Access to unvarnished legal advice is sacrosanct, but Howell goes off the rails. She never acknowledges that much of Perkins Coie’s wrongdoing had nothing to do with its legal advice, but came in its capacity as a political kingpin. She bewilderingly asserts that using the firm’s admissions of racial discrimination violates its First Amendment rights. Her related attack on the administration’s opposition to diversity programs reveals her motives for this bizarre conclusion.

She never discusses the constitutional infirmities of requiring a client to hire a lawyer in whom they lack trust. Perkins Coie sought to destroy Trump personally and politically. Its beliefs differ from his. That is more than sufficient reason under Article II and the Fifth and Sixth Amendments that the president, who is the executive branch of government, may choose not to work with it.

On the other hand, Trump may not target Perkins Coie because its lawyers provide legal services to litigants whose positions are adverse to his administration, bar the firm from federal buildings, or require federal contractors to disclose their law firms.

The question of whether the security clearances granted to Perkins Coie lawyers may be limited is a close one, given the firm’s fraudulent manipulation of Congress and the FBI. The firm’s defenders are fixated on the fact that the partners who led its fraudulent services have moved on. So what. The firm is organized on a partnership model. Partners still at the firm likely were involved in, and benefited from, the fraud.

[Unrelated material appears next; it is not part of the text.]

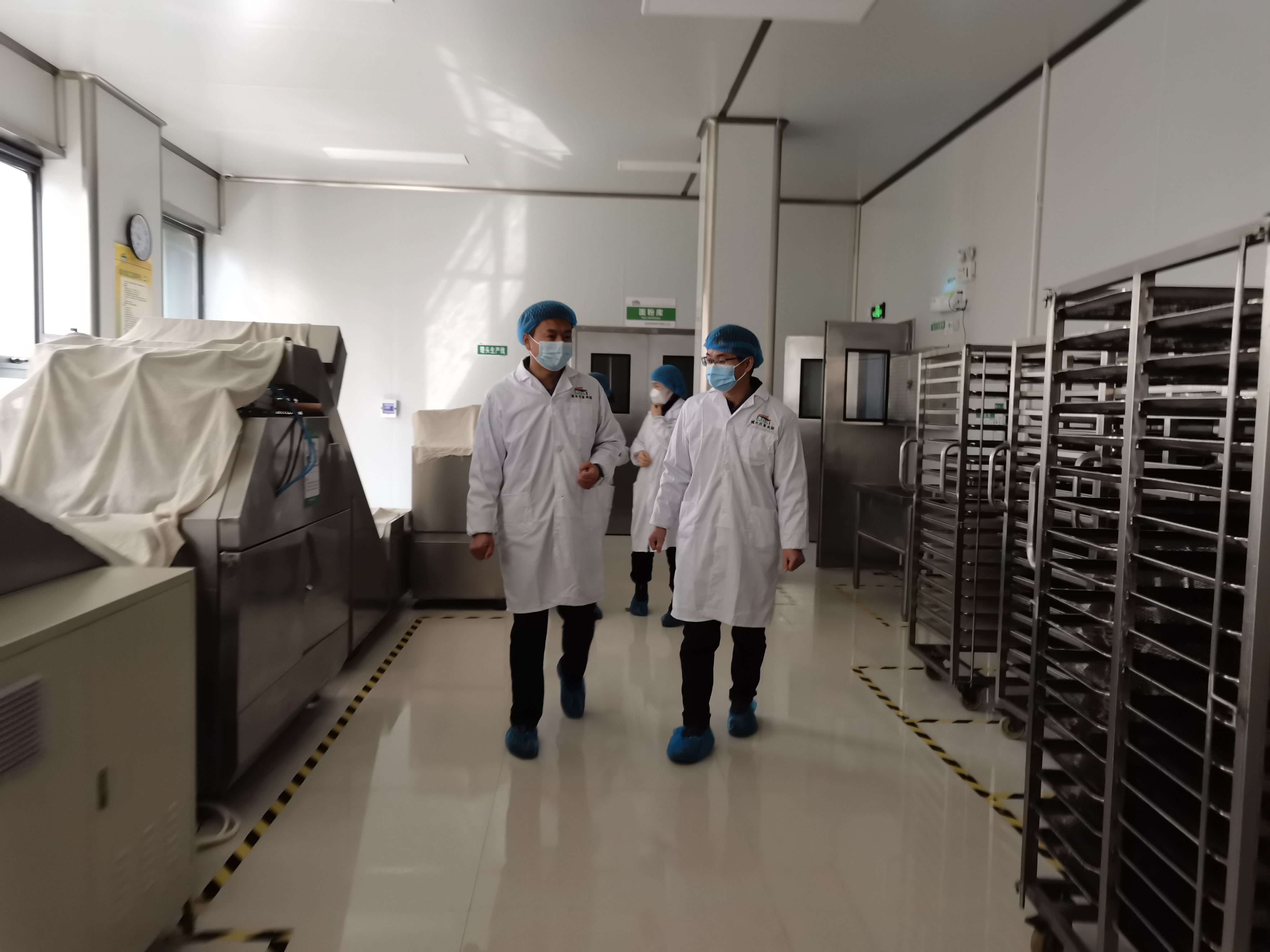 现场,配餐公司负责人向各位家长代表介绍公司发展情况,讲解食品采购、食品加工、食品运输等流程的规范操作和安全管理。随后,家长代表按照防疫和食品安全要求,到食品存储和加工现场进行实地观摩。在穿戴防护衣和消毒后进入食品存储房间,家长对食品的采购源头、保质期、品牌等家长关心的问题进行询问和查看,在食品加工区看到干净的环境卫生,整齐的加工设备,工人师傅穿戴整齐在各个岗位有条不紊的进行食品加工作业,家长代表对公司的卫生、设备和工人等情况整体表示满意。

When progressives applaud as conservative lawyers like John Eastman are indicted and unconstitutionally subjected to disbarment for giving legal advice to President Trump on the 2020 election, it is difficult to sympathize with a law firm that engaged in a conspiracy to steal an election and topple a sitting president. Nonetheless, in a free society, government officials do not use their power to punish lawyers because of their clients or advice, while also recognizing that being a lawyer is not a free pass to commit fraud or override the constitutional powers of the president.